A. Interpretation: Because description plays such an important role in case study, it is not surprising that the interpretation of the case and its elements is one of the most important things to evaluate. A significant issue in interpretation of a case is what is usually known as construct validity, which is (roughly) the appropriateness of your concepts, measurements, and labels to the case at hand. The concepts and labels should allow you to cover (to the degree required for the purpose of the inquiry) the whole case and every part of the case, without bringing anything irrelevant into the picture. Major issues that are important to construct validity are (a) clear definitions; (b) adequate precision of description, particularly in slippery or hard-to-define areas; (c) adequate explanation of potentially controversial interpretations; (d) well-marshalled evidence for the major aspects of the interpretation; (e) proper distinctions among distinct things; (f) clear recognition of the level at which you are inquiring, and the limitations that imposes on the conclusions you can draw; (g) elimination of interfering bias.

B. Structure: An important aspect of the case study is the reasoning by which one goes from the evidence as interpreted to the conclusions. (As noted above, this can happen even within the interpretation itself, since interpretations of cases generally have many layers of interpretation and reasoning.) The chief points here are adequate background information, internal consistency and well-chosen order. In other words, the case study needs to be rich in relevant information, make no contradictory claims, and provide us with an organization that sets things out in a reasonable way. As the Cartesians pointed out, order is the chief part of any method.

C. Value: We don't want a case study that is nicely organized but has no value for our reasoning at large. Major issues in assessing the value of a case study are utility (for both replication and application), durability in the face of objections and alternative explanations, completeness, heuristic power, and so forth. The precise values held to be important will vary depending on the case, the purpose of the inquiry, and the field in which the inquiry is conducted.

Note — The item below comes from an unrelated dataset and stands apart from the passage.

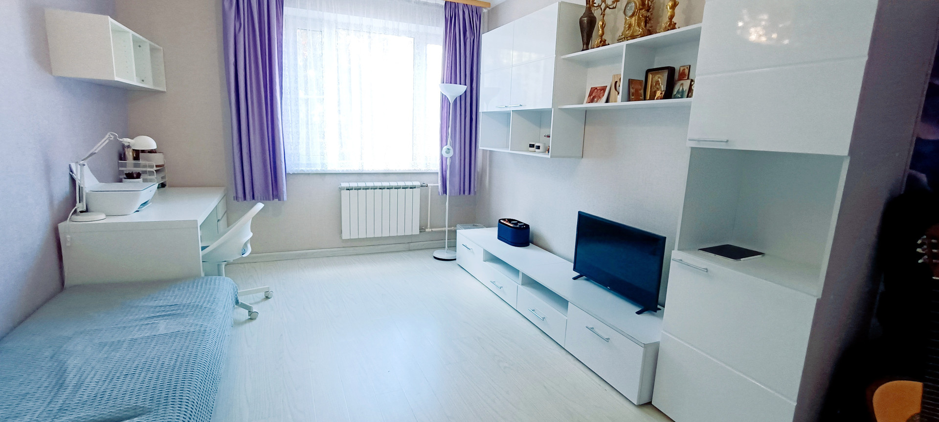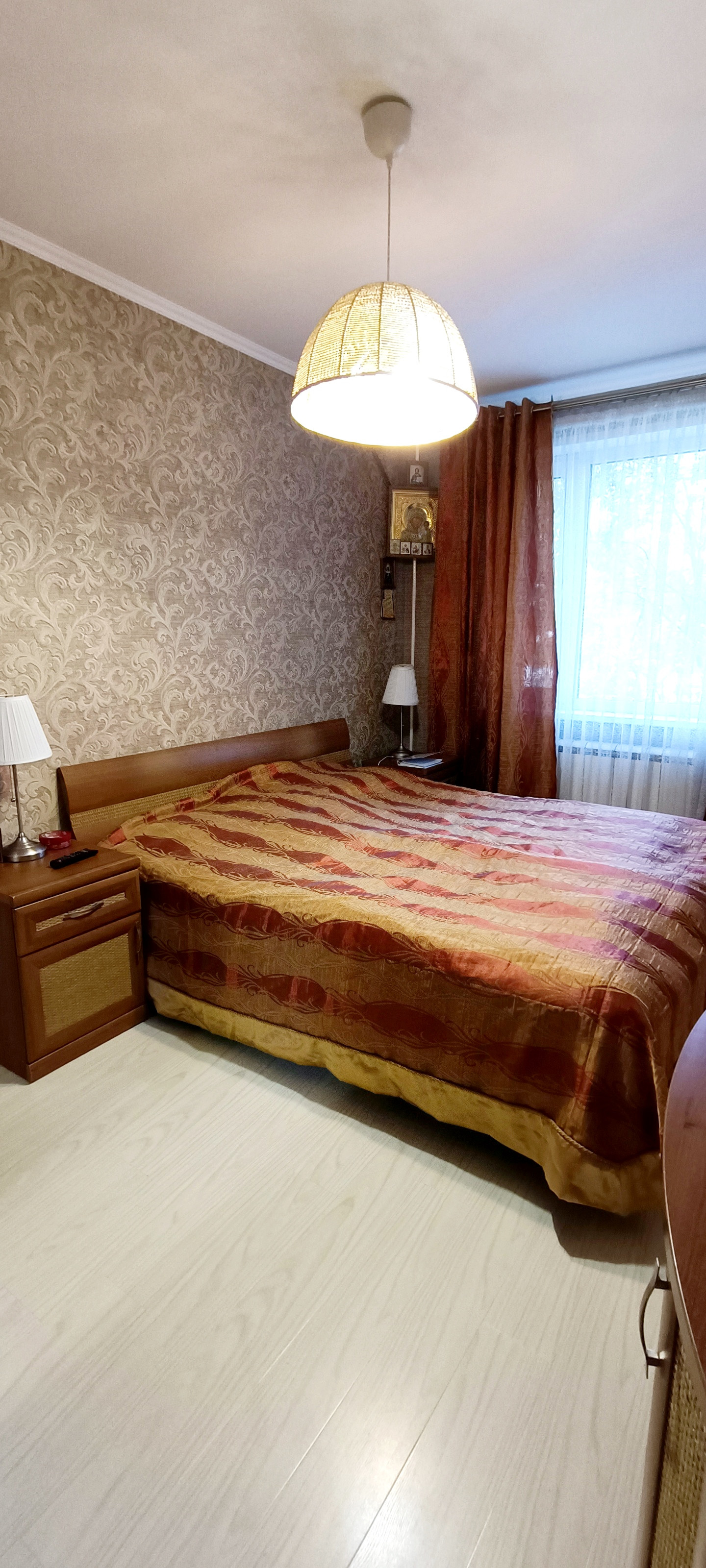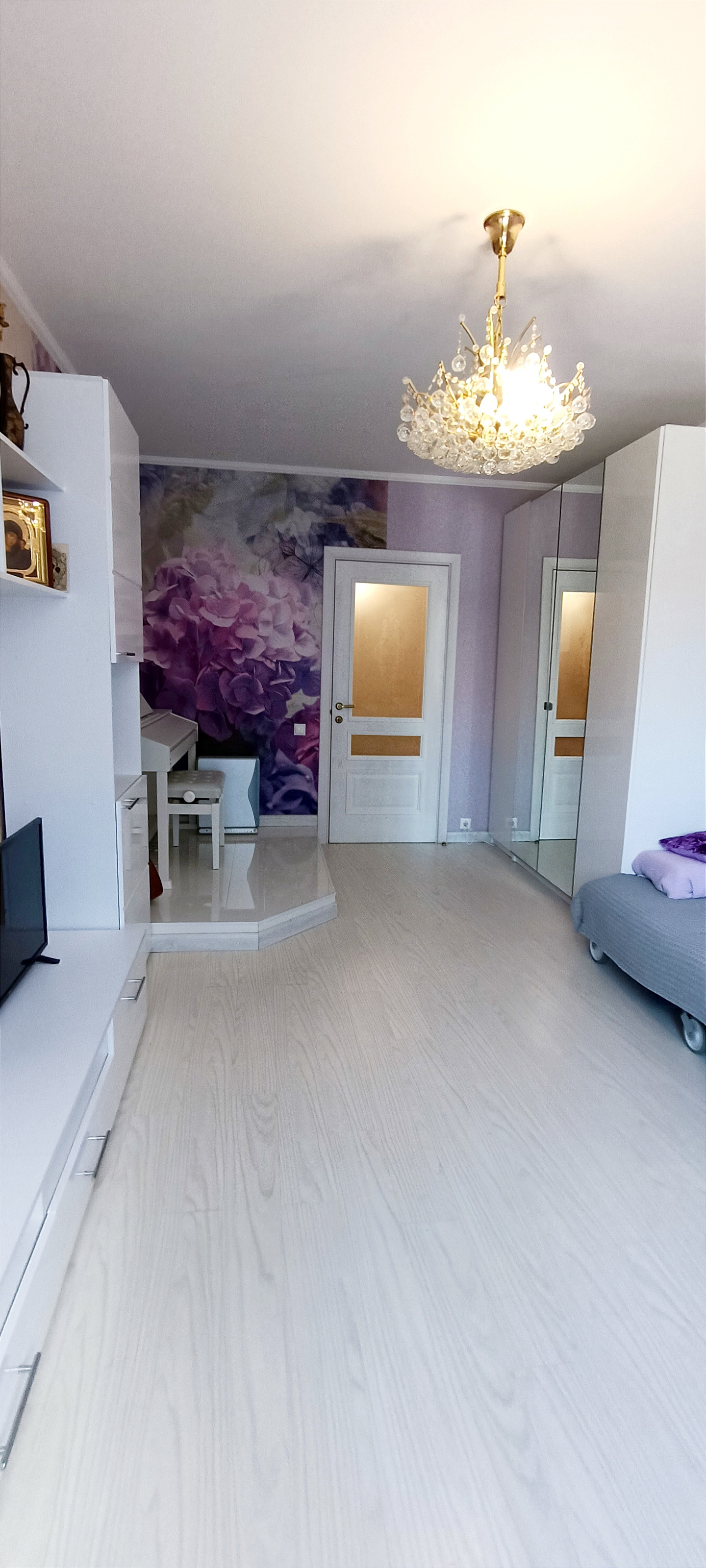 Квартира имеет планировку «распашонка», комнаты которой выходят одновременно на противоположные стороны дома. Наличие комнат с разным уровнем освещения очень комфортно для больших семей. Например, для любителей приглушенной яркости освещения, можно обустроить одну из спален на теневой стороне.

Case study method is more common than generally realized, I think. Not only is it found in various sciences, but historians and literary scholars are often effectively engaged in case study. It's not surprising that this is so; after all, much of what historians and literary scholars do is try to reason upon and draw conclusions from particular cases. It's only natural that, in an informal way, good, well-reasoned history, biography, literary scholarship, and the like would often begin to look like it is following (something along the lines of) the typical sort of case study format described above. Perhaps by recognizing more explicitly the elements of case study method used in our disciplines, we can improve our own reasoning and raise the quality of the research.